It’s hard to imagine a world where Nintendo, Xbox, or PlayStation weren’t the biggest names in video games, but Sega was already out there. The Sega Dreamcast was the first console of the sixth generation, which also included the PlayStation 2, Xbox, and GameCube. It came out in 1999.

It could only be used for three years, though. The Sega Dreamcast stopped being made in March 2001. This was due to a change in leadership at Sega and a change in how people in charge felt about console games.

Sega would still make games for other companies, but it would no longer make consoles. The Dreamcast was a console with a lot of potential and a library of games that became cult classics, though many of them were remade for other platforms.

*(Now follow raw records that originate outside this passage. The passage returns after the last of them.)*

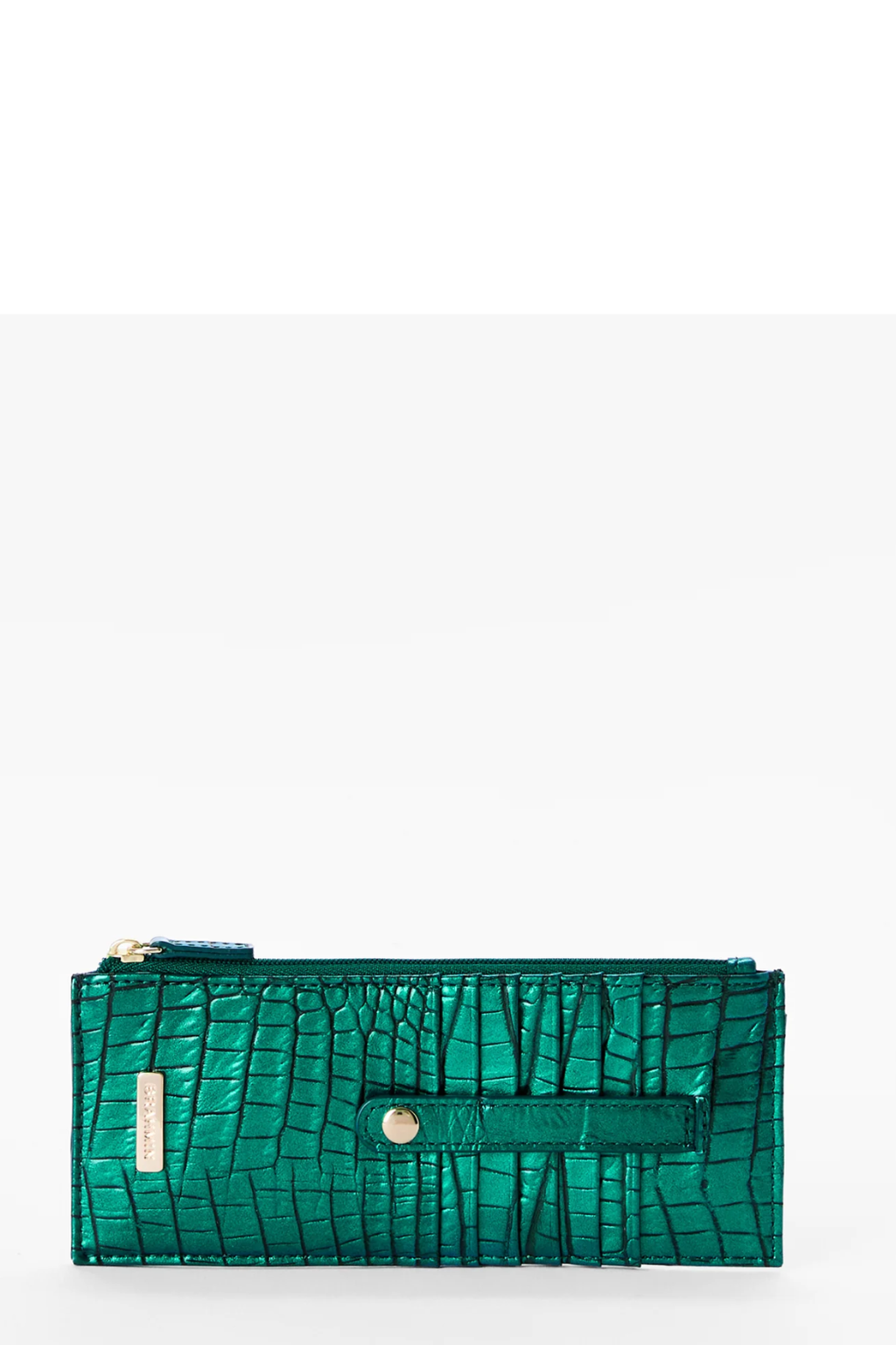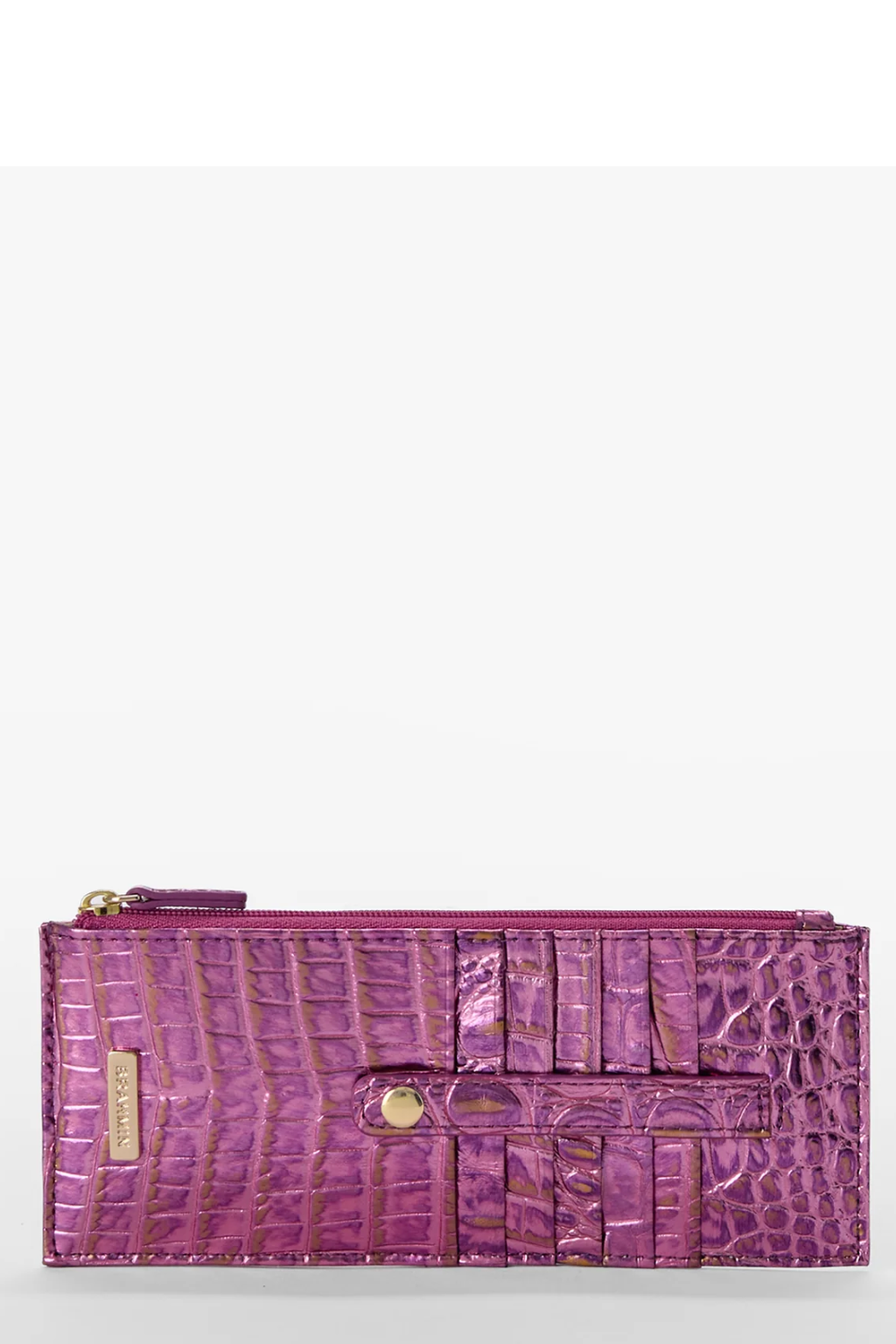Light weight, sleek and extremely practical, the Credit Card Wallet is perfect to fit in a clutch, wristlet or handbag. With ten credit card slots and one ID slot, this wallet is sure to hold your most important items. Zip top to carry money or receipts.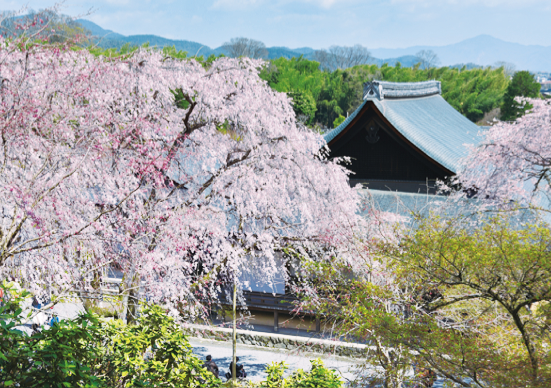 足利尊氏が建立した天龍寺。多宝殿の前の枝垂れ桜の大木が目を楽しませてくれます。春の嵐山を見渡せる望京の丘など、遠近の桜が美しいスポット。
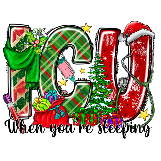 A festive and playful design featuring "ICU" adorned with Christmas elements like a tree, gifts, and medical items, captioned "When you're sleeping."DTF Transfers dtf transfers dtf prints
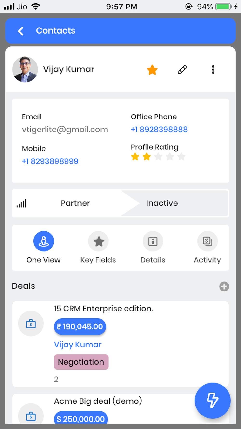 * View Contact or Organization profile scoring on a scale of 1 to 5 stars based on scoring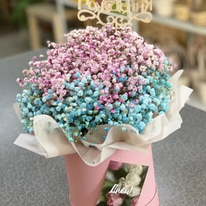 Коробка с цветами «Сумочка с сухоцветами» из гипсофил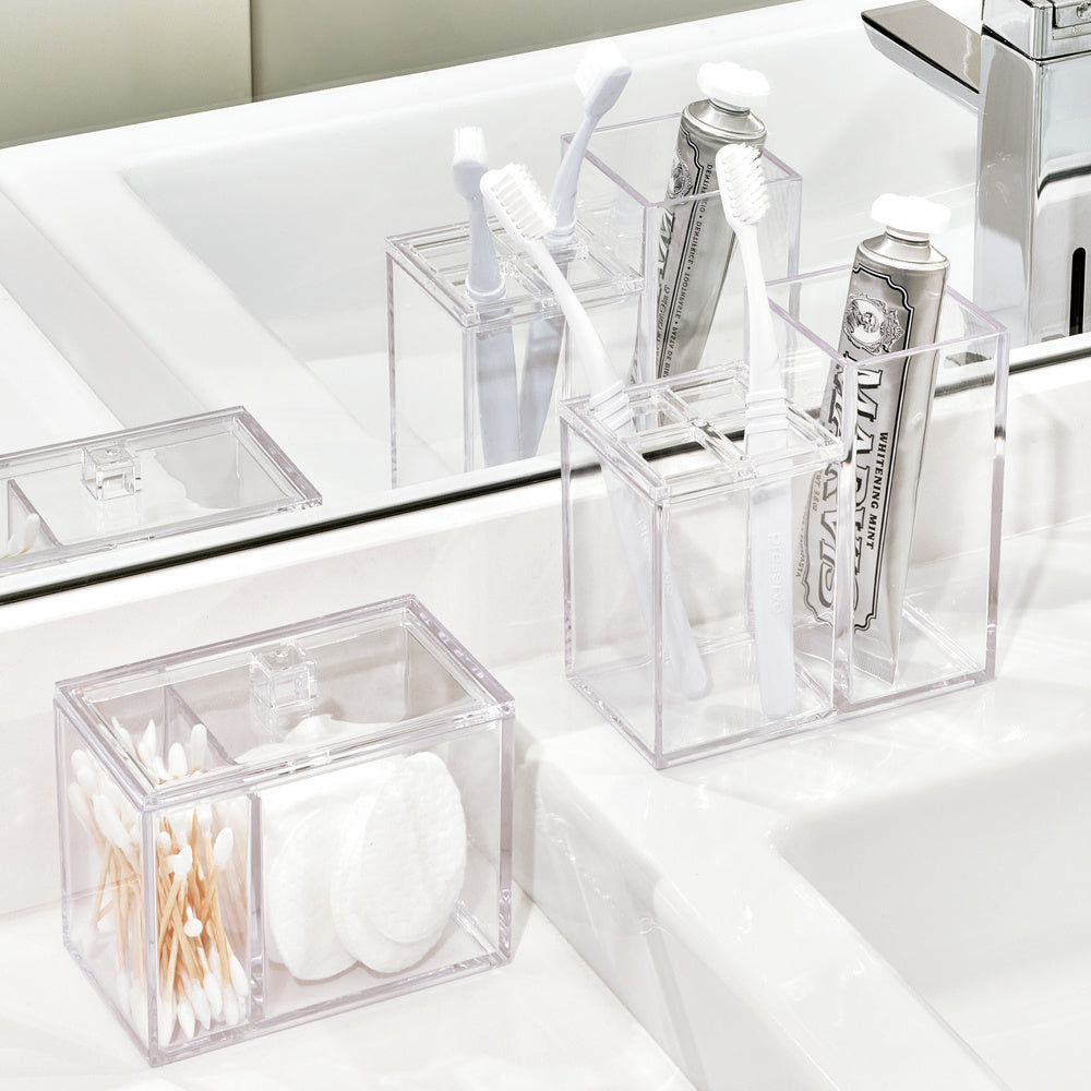 Wattenschijfjes -en Wattenstaafjes Houder, Organizer, 2 Vakken, Transp

If you’re lucky enough to get your hands on a working Dreamcast and want to play some of its strange but fun games, here are 7 of the best ones to try.

Best Dreamcast Games Ever

1. Phantasy Star Online

Phantasy Star Online was one of the first console-based MMOs to come out in the West. It continued the Phantasy Star series in a whole new way. Instead of being a turn-based RPG, Phantasy Star Online was an action-based MMO.

On the planet Ragol, up to four players can work together to fight their way through four stages, each with a different level of difficulty. The goal of the game was to get through each hard level until you got to the hardest part, at which point Phantasy Star Online changed into a looter.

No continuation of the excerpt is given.